Nicolas de Staël, Face au Havre

Nicolas de Staël, Face au Havre
Nicolas de Staël, Face au Havre

jeudi 23 avril 2015

Souvenir du 14 mars

Si le père, un jour, me lisait -il aurait bien tort, mais sait-on jamais? Parfois on désire les mots qui condamnent, parfois c’est la vérité qui gagne- si le père me lisait, qu'il sache qu'une semaine peu ou prou avant ta mort, tu étais assise très droite -tu pouvais être bravache- très souriante, très soulagée aussi de ne plus délirer sous la morphine. On était contents de te voir comme ça Philippe et moi, de te voir si droite, frêle et forte, de te voir si toi, on t'a trouvé bonne mine, on te l'a dit tu n'y croyais pas trop, mais c'était tellement mieux que tes pleurs du mardi, quand tu te voyais pressurée comme par le piston d'une cafetière, on te l'a dit tu as souri, et comme une évidence, tu as tranquillement, benoîtement, sereinement affirmé que ce jour-là, de toute façon ce jour-là ne pouvait être le jour de ta mort. J'aurais dû comprendre, je n'ai pas compris, j'avais oublié, tu me l'as rappelé: Le 14 mars, puisque je parle de ce jour, c'était l'anniversaire du père, et tu tenais, une dernière fois, tu tenais radicalement à survivre à ça. Tu es morte à cinquante ans, et tu as tenu à dépasser, de quelques jours à peine, mais tu l'as dépassé, l'anniversaire du père, ses putains de quatre-vingt-un ans.
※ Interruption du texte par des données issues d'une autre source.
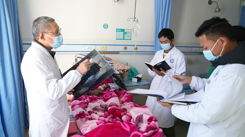 彭勇和彭措是鄉(xiāng)城縣本地的兩名外科醫(yī)生,也是藍(lán)忠榮的“徒弟”。為了提高帶徒效率,藍(lán)忠榮和他倆簽訂了對口支援“師帶徒”協(xié)議書,明確了個(gè)性化培養(yǎng)目標(biāo)和規(guī)范診療操作內(nèi)容,對常見病多發(fā)病診治、危重癥急癥處理等相關(guān)知識進(jìn)行教學(xué)指導(dǎo)。在藍(lán)忠榮的指導(dǎo)下,彭勇和彭措先后掌握了肌腱吻合術(shù)、橈骨骨折整復(fù)、石膏外固定等醫(yī)療技術(shù)。

Qu'à une semaine de ta mort, peu ou prou, tu aies pensé à ça, tu aies pensé à lui de la sorte, cela suffit pour comprendre à quel point tu l'as subi, à quel point ses mensonges sont cendres et qui veut encore les entendre qu'il crève avec le vieux bonimenteur, et que le vieil homme tremble, car le repos c'est fini pour lui.